Les principales ressources européennes
ILGA-Europe est probablement le meilleur point de départ pour trouver une organisation locale. Elle regroupe plus de 700 organisations LGBTQI+ dans 54 pays européens et d’Asie centrale et dispose d’un réseau d’organisations membres par pays.
ILGA-Europe — trouver les organisations LGBTQ+ en Europe
Pour un jeune qui est musulman et LGBTQ+, Hidayah est particulièrement intéressant. C’est une organisation britannique consacrée aux personnes LGBTQI+ musulmanes, avec des groupes, des ressources de bien-être et une communauté sécurisée en ligne. Elle peut également orienter vers d’autres organismes.
Pour les réfugiés et demandeurs d’asile LGBTQ+
Rainbow Welcome est particulièrement pertinent pour les personnes LGBTQI+ réfugiées ou demandeuses d’asile en Europe. Le projet propose notamment une carte européenne permettant de rechercher des structures d’accueil et d’hébergement LGBTQI+.

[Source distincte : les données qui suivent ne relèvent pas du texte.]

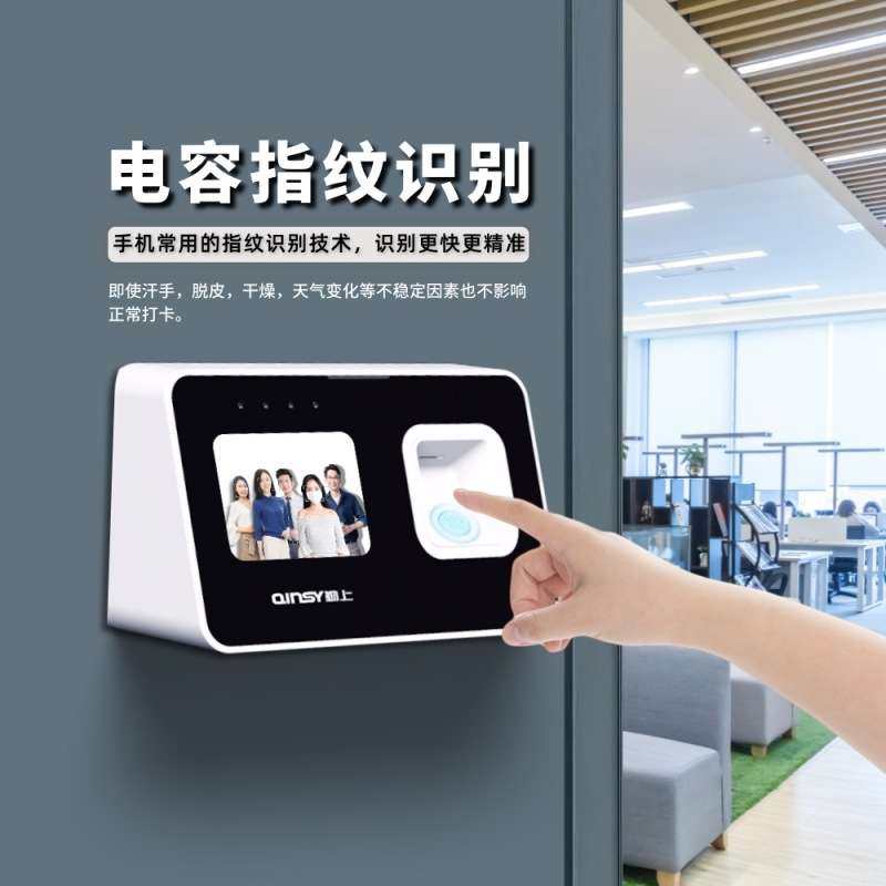 勤上智能云考勤机打卡机多人脸指纹识别一体机员工上班刷脸签到机

Rainbow Welcome — ressources pour les réfugiés LGBTQI+ en Europe
Et pour les situations où la personne est réellement menacée ou persécutée, Rainbow Railroad, organisme international créé au Canada, peut également intervenir. L’organisation aide des personnes LGBTQI+ exposées à la persécution par de l’aide d’urgence, du soutien financier, de la relocalisation et des programmes d’installation dans un lieu plus sûr.
Rainbow Railroad — demander de l’aide
Quelques ressources nationales particulièrement intéressantes
France
En France, il existe plusieurs associations LGBTQ+ qui travaillent avec les personnes migrantes et réfugiées. La plateforme Rainbow Welcome est particulièrement utile parce qu’elle permet de trouver les structures locales adaptées plutôt que de devoir connaître leur nom à l’avance.
Royaume-Uni
Le Royaume-Uni possède probablement l’un des réseaux les plus développés pour les LGBTQ+ musulmans. Hidayah est la ressource spécialisée la plus évidente. Il existe également Imaan, qui soutient les personnes LGBT musulmanes ainsi que leurs familles et offre des espaces de soutien et d’échange. Le NHS répertorie également Imaan parmi les ressources spécialisées.
Belgique
La Belgique dispose notamment de Merhaba, une association destinée aux personnes LGBTQI+ issues de l’immigration, particulièrement celles originaires de communautés nord-africaines, moyen-orientales et asiatiques. Pour un jeune maghrébin, c’est une ressource à rechercher en priorité.
D’autres ressources sont disponibles dans la plupart des autres pays européens.
L’objectif n’est pas de « sortir » un jeune de sa culture ou de sa religion, mais de lui permettre de vivre son orientation sexuelle sans devoir choisir entre son identité, sa famille et sa sécurité.